[Opening THE DATA section]

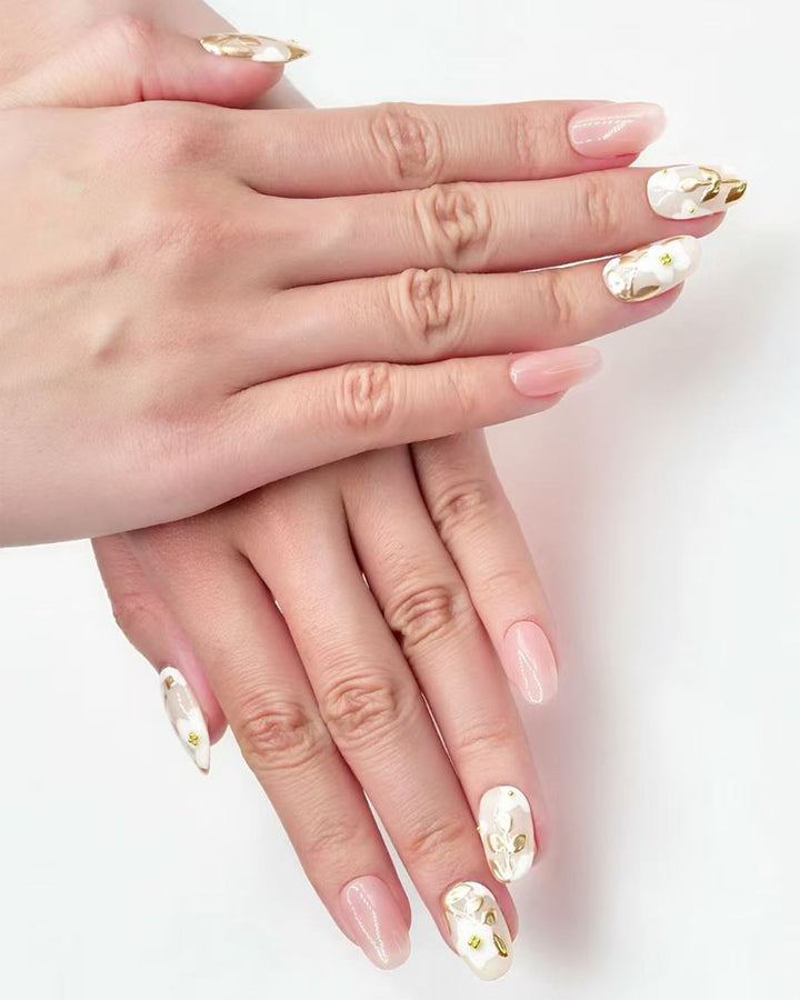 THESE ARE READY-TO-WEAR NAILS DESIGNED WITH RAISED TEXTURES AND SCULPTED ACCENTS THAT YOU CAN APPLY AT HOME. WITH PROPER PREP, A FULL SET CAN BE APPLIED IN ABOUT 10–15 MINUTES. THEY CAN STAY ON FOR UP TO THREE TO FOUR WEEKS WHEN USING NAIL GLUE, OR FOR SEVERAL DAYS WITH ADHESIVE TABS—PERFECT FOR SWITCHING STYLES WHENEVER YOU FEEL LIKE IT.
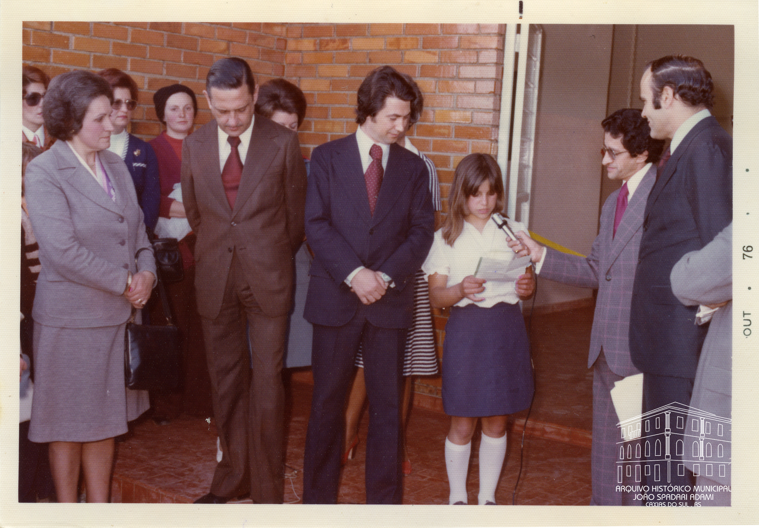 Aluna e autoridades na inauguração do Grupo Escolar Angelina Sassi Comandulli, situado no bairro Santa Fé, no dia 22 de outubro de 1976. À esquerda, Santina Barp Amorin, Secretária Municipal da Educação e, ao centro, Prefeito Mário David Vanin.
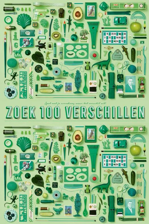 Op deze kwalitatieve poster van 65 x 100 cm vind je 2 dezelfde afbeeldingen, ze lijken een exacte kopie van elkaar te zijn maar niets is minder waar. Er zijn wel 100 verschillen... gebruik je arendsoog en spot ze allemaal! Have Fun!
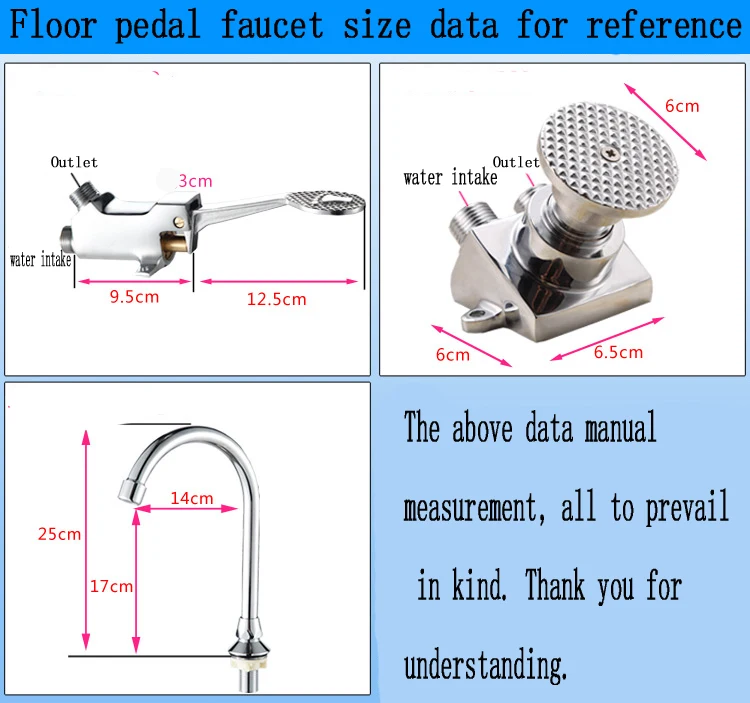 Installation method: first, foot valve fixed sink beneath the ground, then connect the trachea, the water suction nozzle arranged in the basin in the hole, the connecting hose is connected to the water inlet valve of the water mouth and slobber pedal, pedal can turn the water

[Closing THE DATA section]

PROBLEM TO WORK ON —
In the listing, find the line with "Aluna e autoridades" and retype exactly from there through the last line, both included, leaving the pictures out.

SOLUTION FOR THIS EXERCISE —
 Aluna e autoridades na inauguração do Grupo Escolar Angelina Sassi Comandulli, situado no bairro Santa Fé, no dia 22 de outubro de 1976. À esquerda, Santina Barp Amorin, Secretária Municipal da Educação e, ao centro, Prefeito Mário David Vanin.
 Op deze kwalitatieve poster van 65 x 100 cm vind je 2 dezelfde afbeeldingen, ze lijken een exacte kopie van elkaar te zijn maar niets is minder waar. Er zijn wel 100 verschillen... gebruik je arendsoog en spot ze allemaal! Have Fun!
 Installation method: first, foot valve fixed sink beneath the ground, then connect the trachea, the water suction nozzle arranged in the basin in the hole, the connecting hose is connected to the water inlet valve of the water mouth and slobber pedal, pedal can turn the water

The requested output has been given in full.